Comment la France s’implique-t-elle dans le dossier libyen ?
En empêchant la condamnation du maréchal Haftar. Elle empêche l’Allemagne de condamner le maréchal Haftar, elle empêche l’Union européenne de former une diplomatie unifiée, elle empêche le Conseil de sécurité de l’ONU, même si évidemment la Russie le fait mieux. Il y a aussi la Maison Blanche de Donald Trump qui montre une véritable sympathie pour le maréchal Haftar. Mais même avant que Donald Trump ait pu se prononcer sur le dossier, la France traînait des pieds dans les forums diplomatiques. Et cela, ça vaut de l’or quand on a pour objectif de continuer une solution militaire qui se passe très mal, et dans laquelle on souhaite s’enliser pour devenir une solution sur le terrain.

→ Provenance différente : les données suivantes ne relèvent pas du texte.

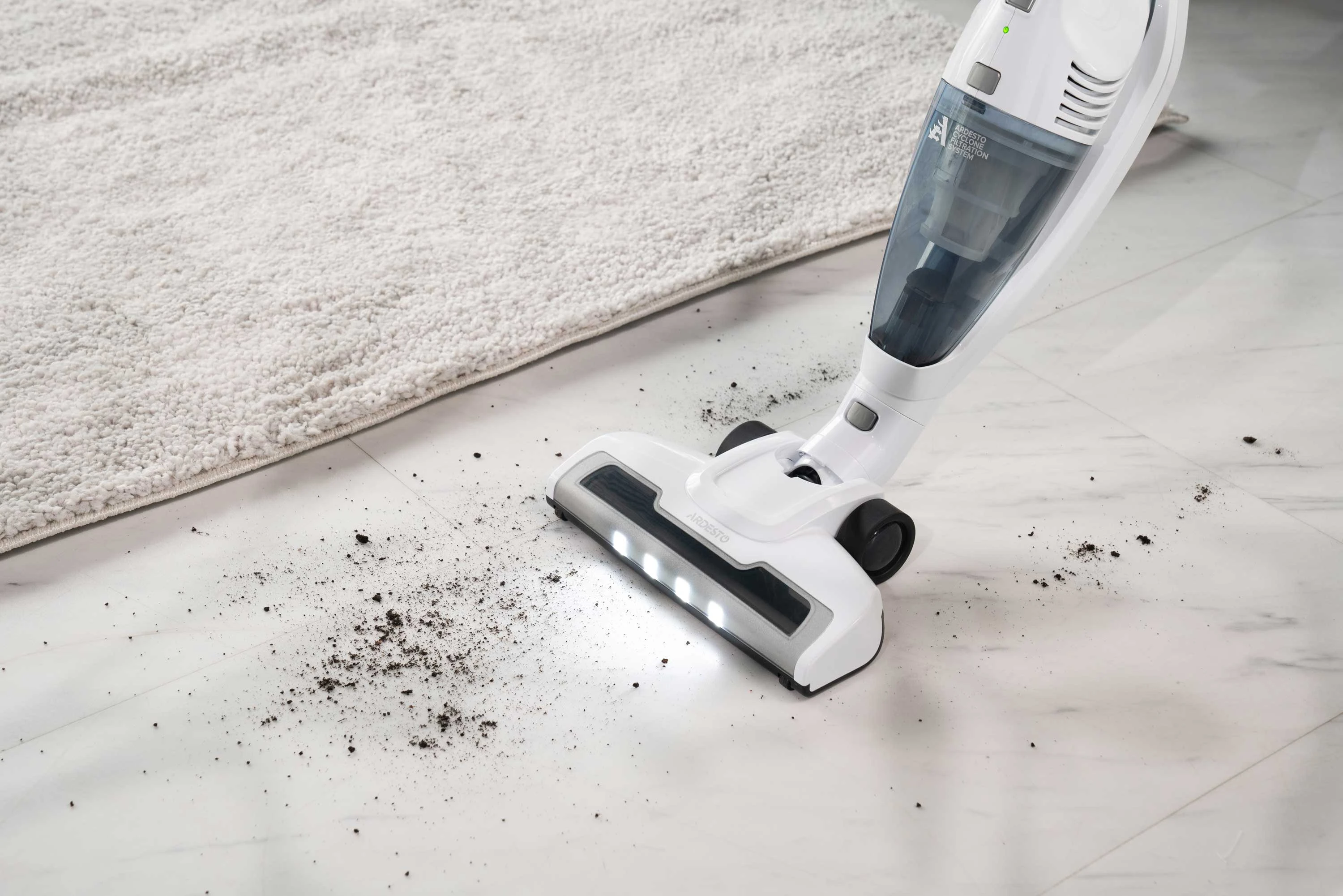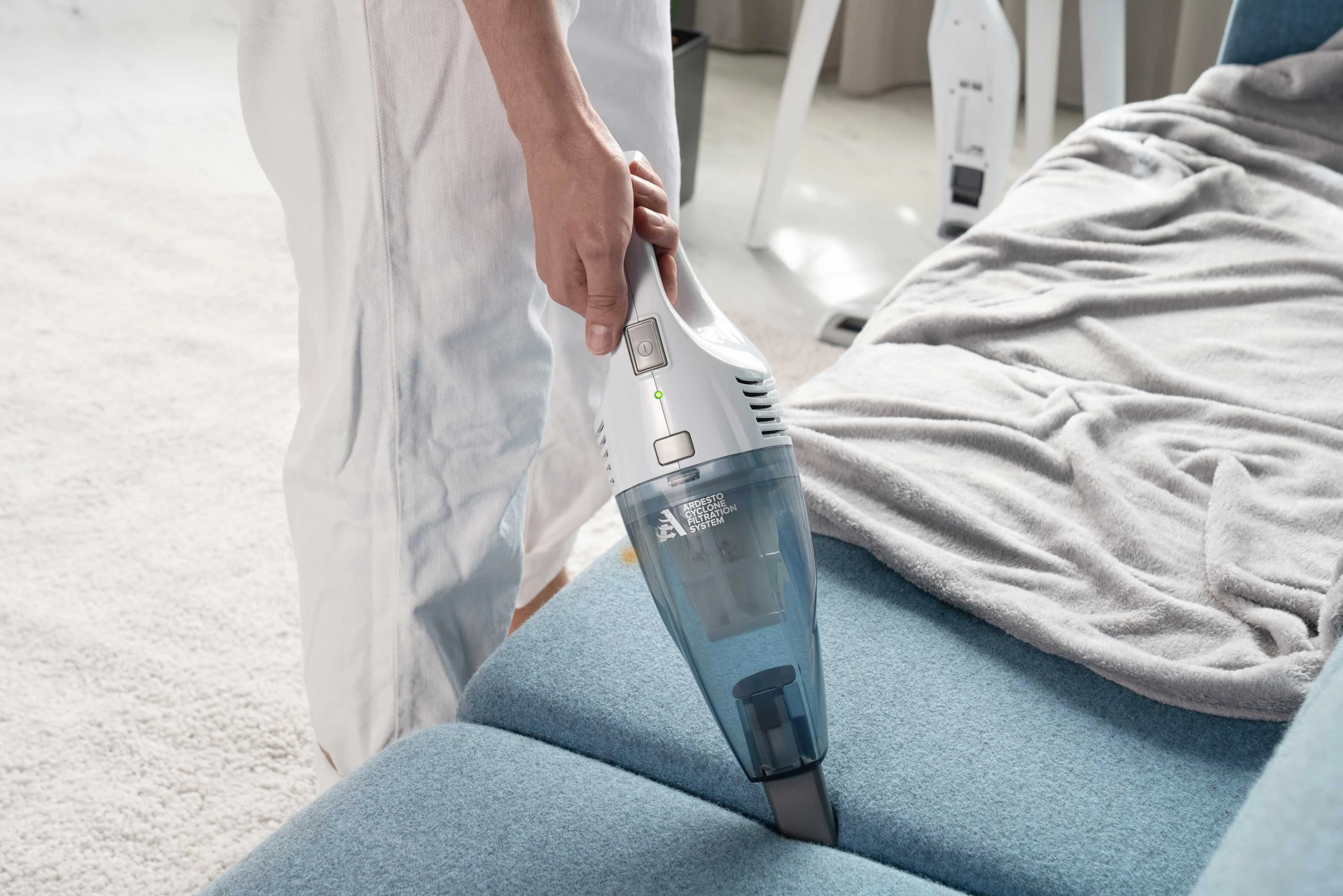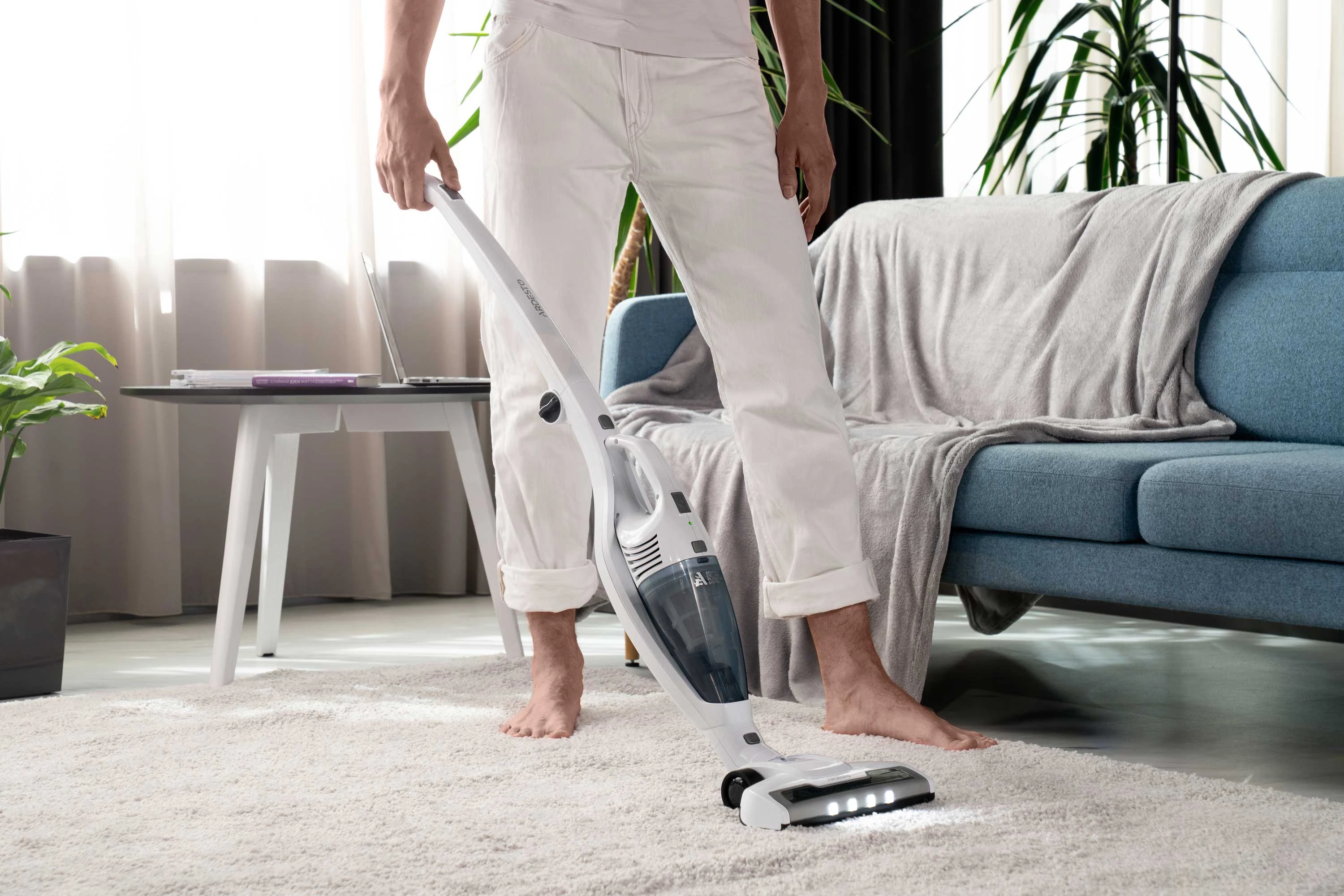 Бездротовий акумуляторний пилосос із потужністю всмоктування 29 Вт допоможе ефективно прибрати приміщення, адже оснащений HEPA-фільтром, що затримує дрібнодисперсні часточки та пил. Неспростовною перевагою, зокрема для людей, які страждають від алергії на домашній пил, є те, що під час збирання сміття, пилосос ще й очищує повітря. У комплекті постачання є кріплення для вертикального встановлення на стіну та дві насадки: для прибирання важкодоступних місць та турбощітка. Неспростовною перевагою за умов перебоїв в електропостачанні є можливість автономної роботи: у турборежимі – 17 хв., у звичайному – 35 хв. Крім того, конструкцією передбачено знімний ручний модуль для швидкого прибирання.

C’est très utile d’avoir une puissance diplomatique occidentale comme la France, que tout le monde écoute, et qui est là pour empêcher une condamnation spécifique contre un acteur précis, le maréchal Haftar.
Elle est isolée la France dans ces positions-là ?
Non pas du tout. Il y a donc la Maison blanche, et ses figures anti-libérales qui ont une grande sympathie pour les figures autoritaires dans le monde arabe, comme le maréchal Haftar. Il y a la Russie, il y a l’Arabie saoudite, et surtout il y a le grand maître à penser : ce sont les Émirats arabes. La politique de la France ce n’est pas une création originale. C’est en grande partie une imitation de quelque chose qui a été mis en place à Abu Dabi.